Flight nightmare: propeller falls off

Passengers on a Great Barrier Airlines flight have told of their nightmare as a propeller came off, smashing a window and ripping off a door in mid-air.

"It was like an explosion going off inside the plane," one said yesterday.

"The propeller came off and hit the side of the plane, smashed a window and smashed a door.

"The other thing was that both propeller [blades] came off - the whole thing just destroyed itself. It just completely self-destructed.

"A door got ripped off and the side of the plane got smashed in - we all got covered in glass.
There was a huge amount of debris that we were just covered in. There were chunks of it the size of golf balls that came back and hit you."

The passenger said the 11.30am Sunday flight to Auckland from Claris Airfield was a six-minute nightmare, even with a safe emergency landing back at the airstrip.

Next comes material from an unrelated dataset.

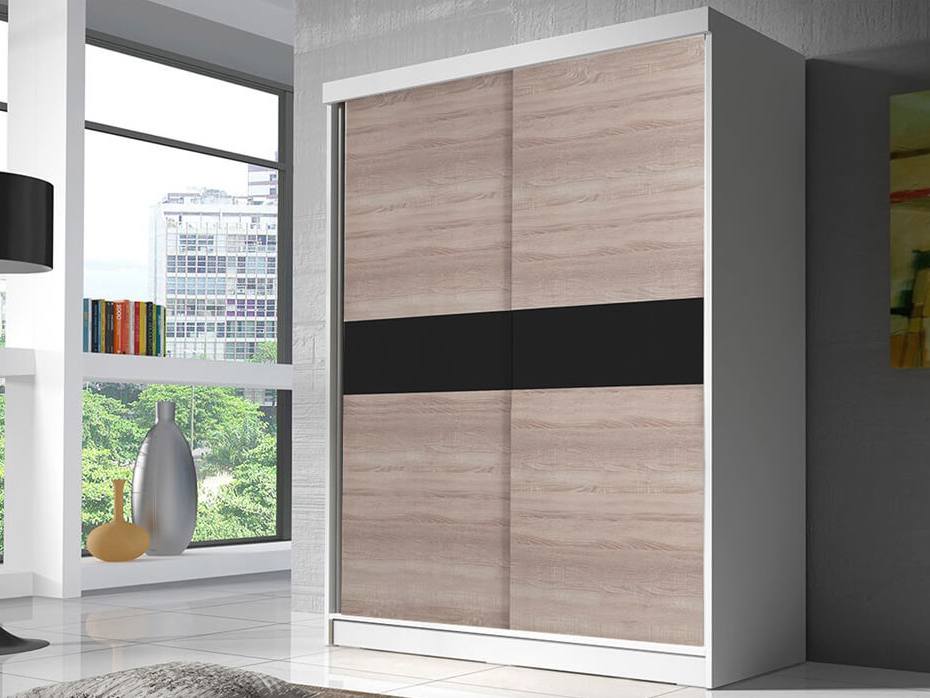 - Dulap de haine Balor (alb + stejar sonoma + sticlă neagră)

The man, who did not want to be named, was one of 11, including the pilot, on board the three-engine plane. .

He said the impact of the right wing engine propeller was terrifying.

During take-off, passengers noticed the Trislander engine was wobbling.

"It was just lucky there was one seat spare - that was where it initially hit and pushed the side of the aircraft in. If someone had been sitting there, they would have been injured quite severely.

"Everyone remained fairly calm on the aircraft, but you know everyone was fairly nervous of what had happened - you know thinking 'Are we going to survive this? Is the aircraft going to break up from this?'," he said.

Two passengers needed medical treatment to remove debris from their eyes, and the man decided to catch a ferry back to Auckland rather than fly again.

He was angry the airline appeared to play down the situation yesterday, and also raised concerns about work he had seen engineers undertaking on the plane on Friday.

"It appears to me there was a problem there with it [then] or whether the problem had been created by the work carried out on who knows, but it just seems a coincidence that an engine they were working on two days later basically explodes."

Another passenger said events happened so quickly.

"It was really trying to assess the situation and hoping the plane would stay in the air and then we'd get back down safely."

Great Barrier Airlines chief executive Gerard Rea said the experience would have been "frightening" for those on board, and he had not intended to play down it. The airline would make available the results of an internal investigation as soon as it was available.

Friday's maintenance on the plane was nothing to do with the propeller, he said.

The incident is being investigated by the Transport Accident Investigation Commission.